Los venenos de serpientes son ampliamente utilizados como herramientas de laboratorio para estudios de mecanismos fisiológicos, farmacéuticos y toxicológicos. Los venenos son recursos ricos en diferentes clases de proteasas que actúan sobre los factores de la cascada de coagulación, fibrinogenólisis y fibrinólisis, alterando los procesos homeostáticos y las fosfolipasas A2, los cuales están involucrados en procesos inflamatorios y de coagulación. Los productos naturales como los aceites esenciales se componen de ingredientes activos de amplia aplicación en las industrias alimentaria, farmacéutica y cosmética.
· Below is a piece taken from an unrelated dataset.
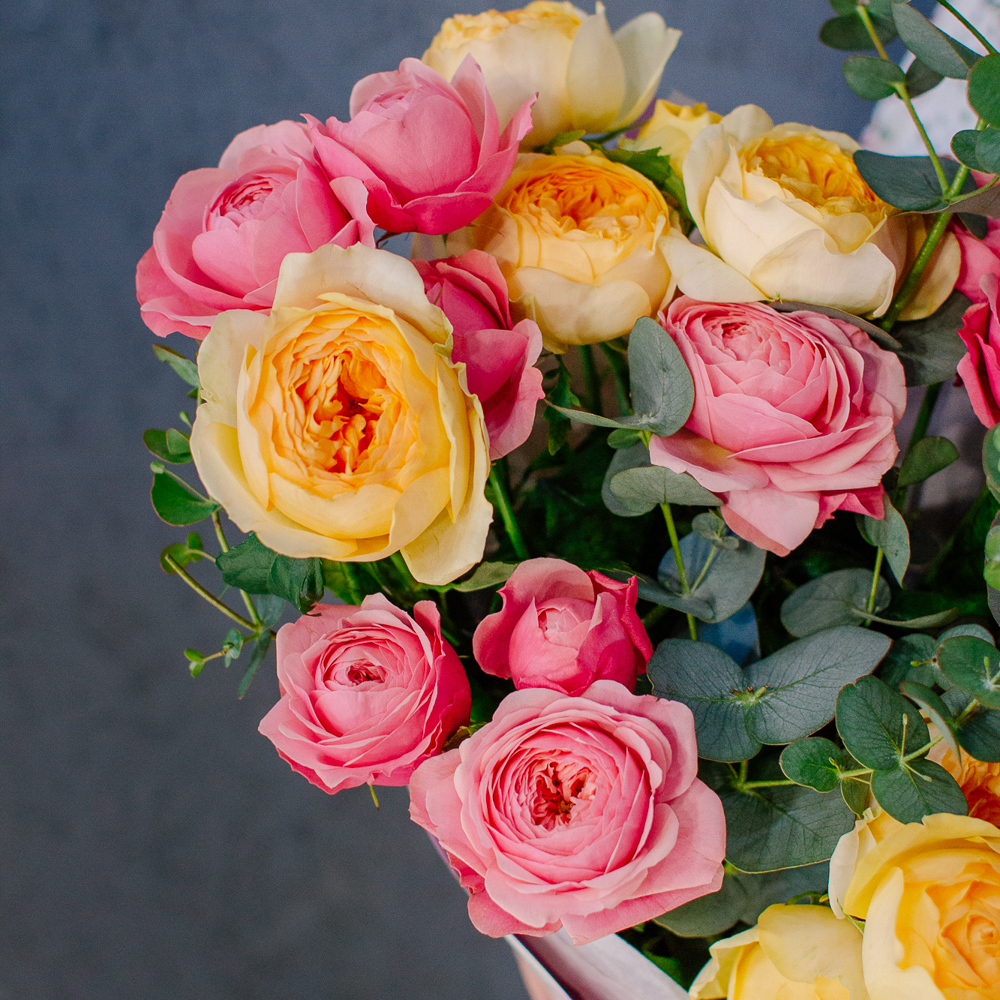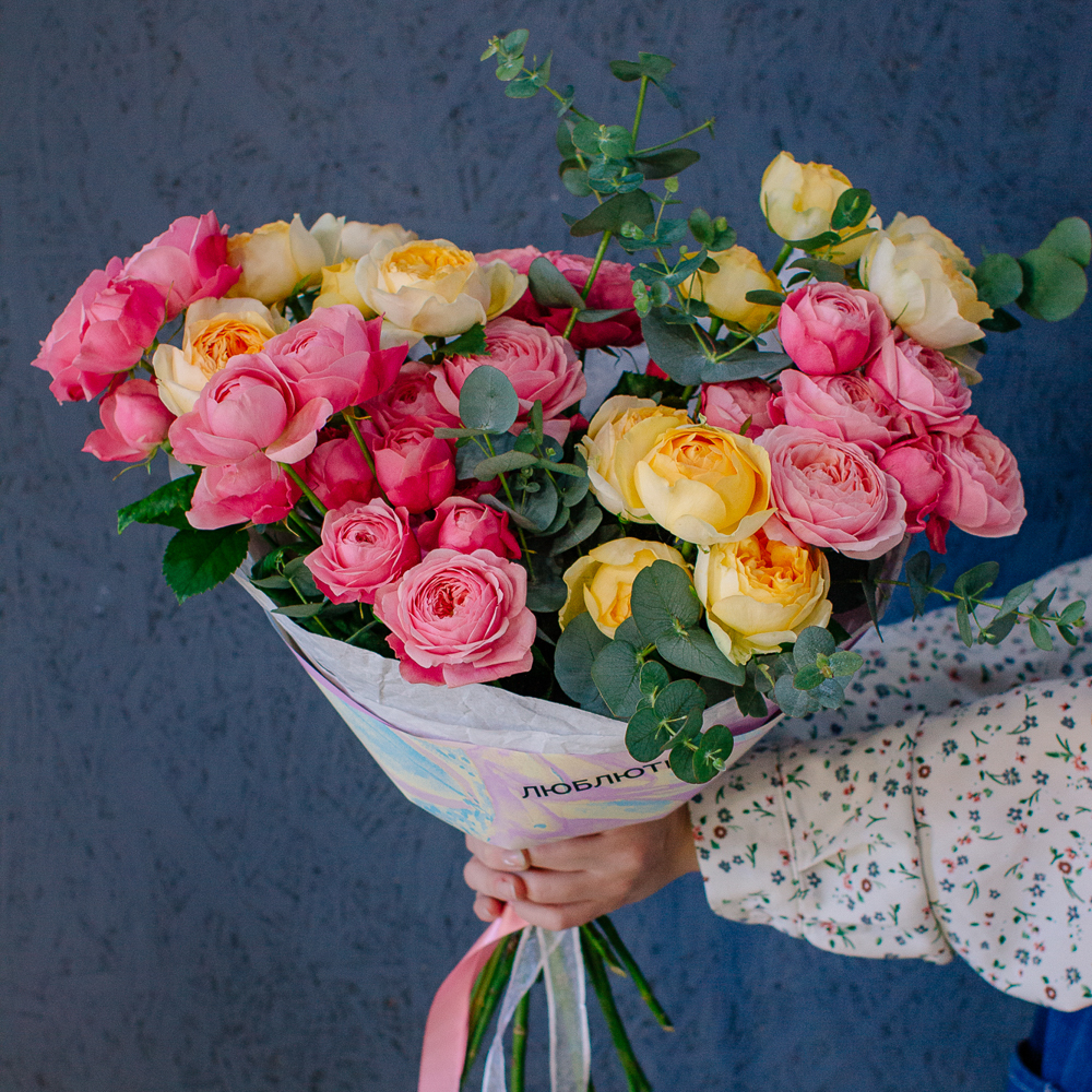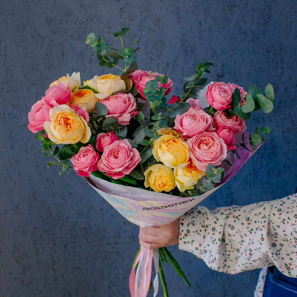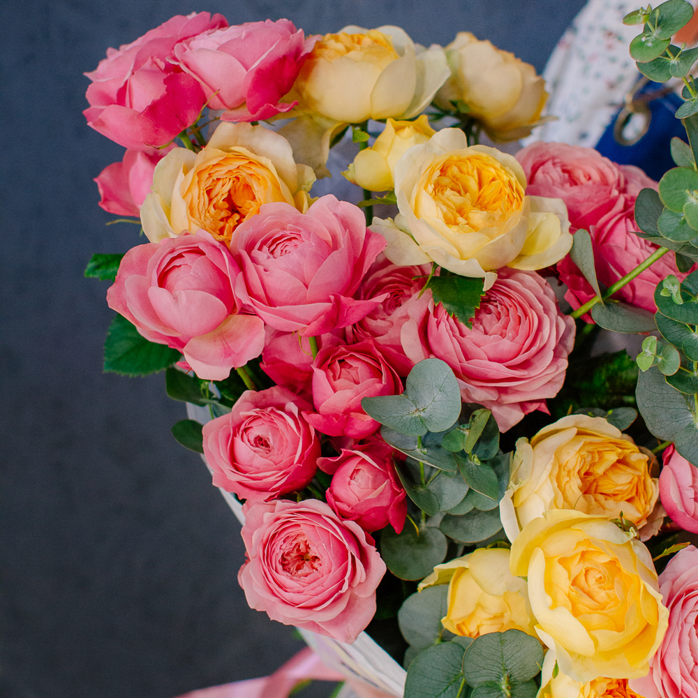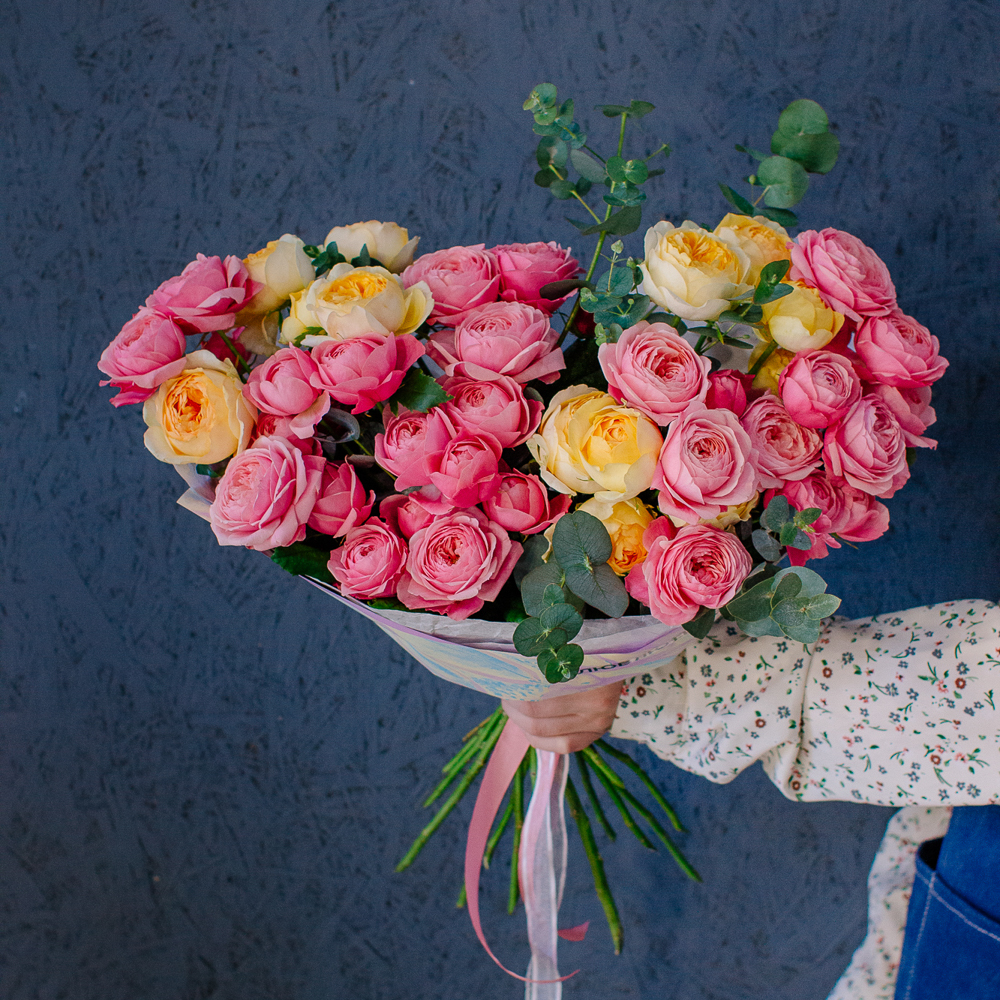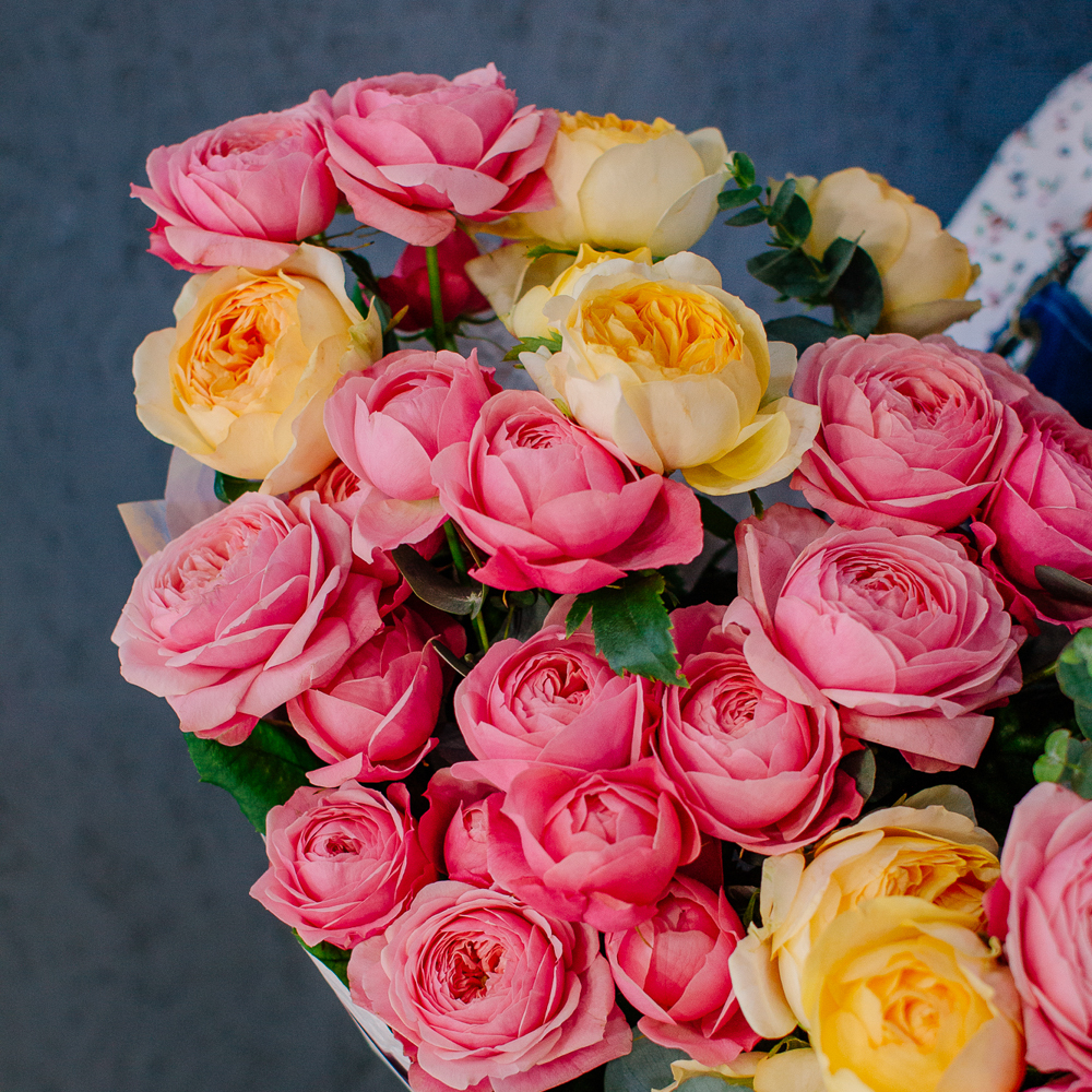 Яркий букет-микс из жёлтых и розовых кустовых пионовидных роз. Пышные веточки роз с нежной пионовидной формой создают объёмную и живую композицию, а сочетание солнечных жёлтых и теплых розовых оттенков наполняет букет светом и настроением.

El presente estudio evalúa los aceites esenciales de Mentha viridis y Mentha pulegium sobre la coagulación, fibrinogenólisis y degradación de azocaseína, inducida por los venenos de Bothrops sp. y Lachesis muta muta. Los aceites esenciales fueron obtenidos por hidrodestilación y sus componentes principales fueron identificados respectivamente como el linalool (40.70 %), carvona (13.52 %) y α-terpineno (8.56 %); pulegone (50.01 %), mentol (31.9 %) y mentona (15.56 %). Los aceites esenciales fueron previamente incubados con veneno de Bothrops alternatus, durante dos tiempos diferentes, luego se agregó el plasma y fue registrado el tiempo. El aceite de M. viridis presentó el más grande potencial anticoagulante. Mientras tanto, el aceite de M. pulegium presentó actividad anticoagulante o procoagulante dependiendo de la dosis evaluada. El tiempo de incubación también influyó en el efecto de los aceites sobre el tiempo de coagulación. En el ensayo azocaseínolitico, el aceite de M. pulegium redujo la actividad para todos los venenos evaluados. La inhibición más alta inducida para el veneno de B. jararacussu fue de 39.99 %, para M. viridis la actividad fue reducida en 57.72 %, mientras que para B. moojeni, la mayor inhibición observada fue de 74.67 %. La fibrinogenólisis inducida por el veneno de B. moojeni fue totalmente inhibida por ambos aceites en las proporciones evaluadas. Los resultados muestran la presencia de inhibidores de proteasas en los aceites, como las serinas y metaloproteasas (actuando sobre los factores de coagulación o sobre la actividad hemorrágica), como también fosfolipasas A2 (enzimas involucradas en los procesos de inflamación y coagulación), los cuales son inhibidores de amplia aplicación en áreas médicas y biotecnológicas.